Sunday, 24 August 2014

Cheesy Cities, Meals and Literature

Lecce, Italy

Lecce sounds like a dairy product. And that's fitting as this post is mostly about cheese.

I'll start with how we got to this milky city: we had bought ferry tickets to Greece but we didn't want to wait in Brindisi all evening (Brindisi being a lame port town) so we went off to explore the heel of the boot that is Italy.
Street in Lecce, Italy
Lecce's duomo (cathedral) was interesting but we couldn't get a good photograph as the sun was behind it, and we couldn't go inside as it was closed. Off the main piazza, we found a dessert cafe and settled in with various chocolate mousse-shaped tasties. Wanting to enjoy the sun, we rested on a bench in a park we found, listening to a Dresden Files audiobook. Don't even get me started on the Dresden Files. The first one is good, but after that they get extremely repetitive and become filled with cheesy jokes. I believe I got to the seventh book because I had nothing else to listen to, and rage quit halfway through. Never again.
Street in Lecce, Italy
There was a path that led directly through the park, into an old building and out into the historic centre. We wandered through the Piazza del Duomo, and towards the ancient Roman ampitheatre that had been excavated. Just to reinforce Emperor Hadrian's greatness, he once up and moved the city two kilometers...with his bare hands (okay I made that last part up, but it's plausible).
Street in Lecce, Italy
As night fell, we approached a Lonely Planet recommended restaurant. A server informed us that they wouldn't be opening for a while, so they asked Yannick for a name to take a reservation. Not knowing how to spell out Italian letters, he mimed writing himself. Confused at first, she handed over the pad and he wrote it down for them.

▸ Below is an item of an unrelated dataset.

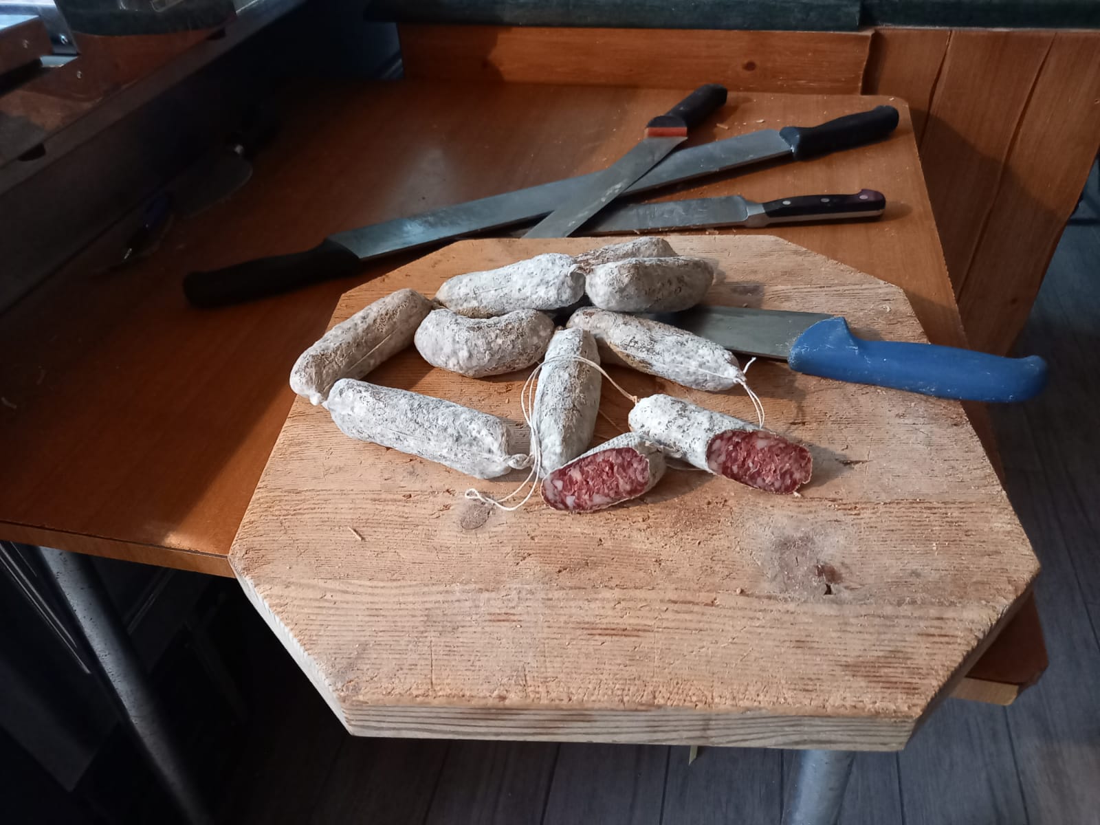 Cacciatorini magri fila da 6 pcs circa 0,5 kg/1 kg. Stagionatura media dal gusto delicato. Prezzo e € 26 al kg.

We wandered the streets to kill time, the light stone buildings fading in the dusk. When we returned, the menu was unfamiliar, being all in Italian and laid out in many different parts. Not knowing if we had to order vegetables separately or not, we just ordered bruschetta to start followed by meat.

The bruschetta was the best we had ever had: one with cheese and tomato and another with cheese and pancetta. For mains, I had two sausages and Yannick had one sausage covered in cheese. Strange, but delicious.

We rounded off the evening by exploring the night market that had sprung up, before preparing ourselves for the long ferry journey ahead.